How do I validate my skill before submitting it to the repository?

Run the quick_validate.py script from the skill-creator module to perform lightweight validation. Execute python -m skills/.system/skill-creator/scripts/quick_validate.py <skill-path> to check for YAML parsing errors, missing required fields, and structural inconsistencies. This validation step ensures your skill meets the repository standards before you commit or attempt installation through the skill-installer pipeline.

Can I install skills from private GitHub repositories?

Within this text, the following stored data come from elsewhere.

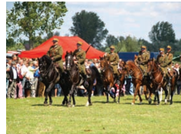
Championat koni małopolskich w Opatowcu
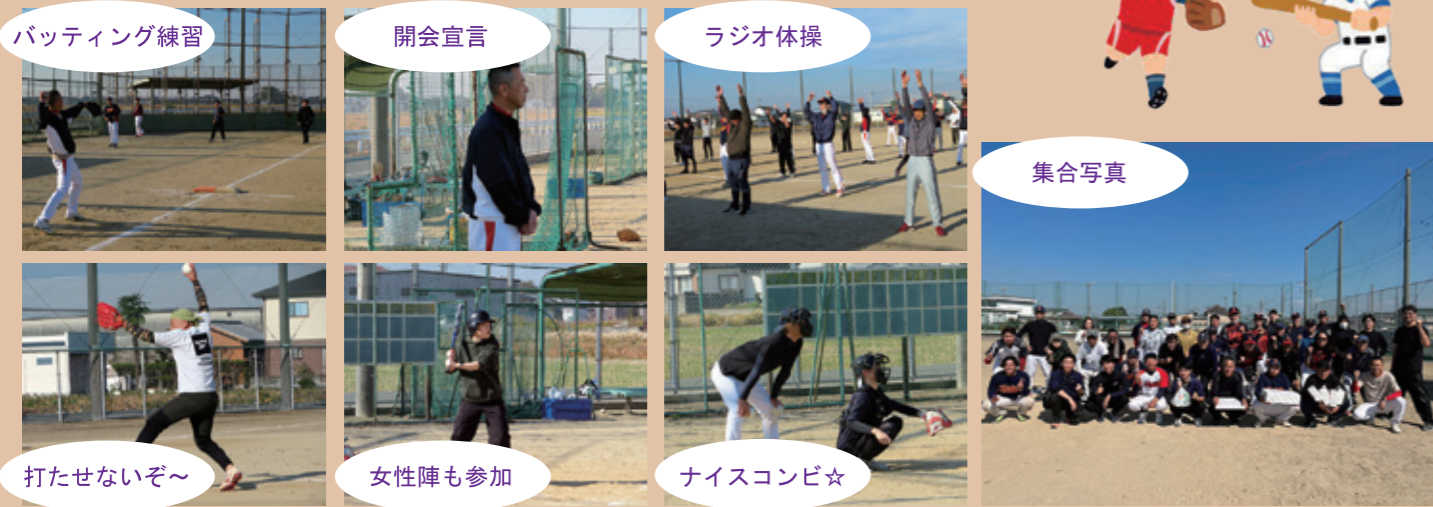
バッティング練習 開会宣言 ラジオ体操 打たせないぞ～ 女性陣も参加 ナイスコンビ☆ 集合写真
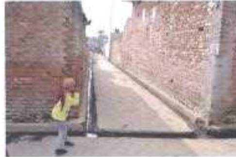
Gali No- 26.
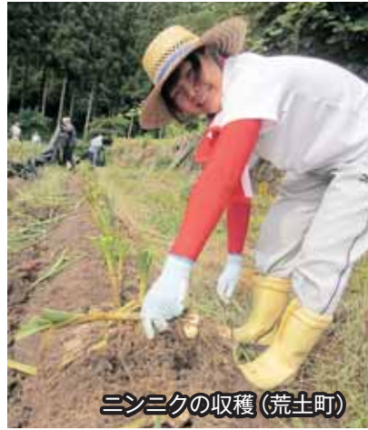
ニンニクの収穫(荒土町)
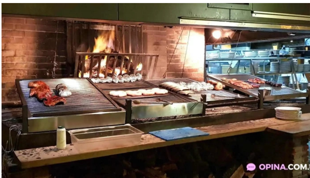
El palenque ambiente
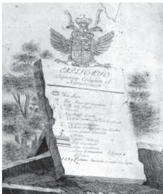
Ryc. 2. Legenda mapy
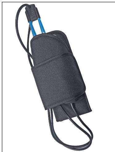
SC523: Etui ceinture
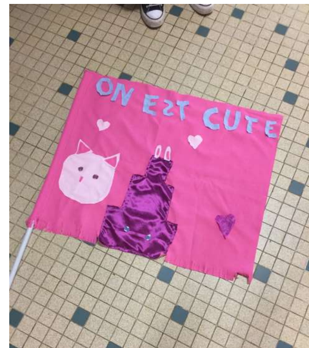
Rouvrir le monde - Centre social La Provence à Aix-en-Provence Atelier couture Confection de drapeaux avec les slogans et revendications des enfants
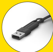
Connecteurs USB-C et USB-A fournis

Yes, the install-skill-from-github.py script can resolve and install skills from private repositories, provided your Git environment has appropriate authentication credentials (such as SSH keys or personal access tokens with repository access). The installer performs a sparse checkout of only the specific skill folder (e.g., skills/.curated/<skill-name>), validates the structure, and copies it to your local skill store while normalizing names and preventing path-traversal attacks.

Where should I place custom Python logic for my skill?

Place custom Python logic in the scripts/ subdirectory within your skill folder (e.g., skills/.curated/<skill>/scripts/). Reference these scripts from your openai.yaml file using the code field in tool definitions or by invoking them via function calls. This modular approach keeps your openai.yaml focused on the I/O contract while allowing complex implementations—such as API calls, data transformations, or external service integrations—to evolve independently in well-named helper modules.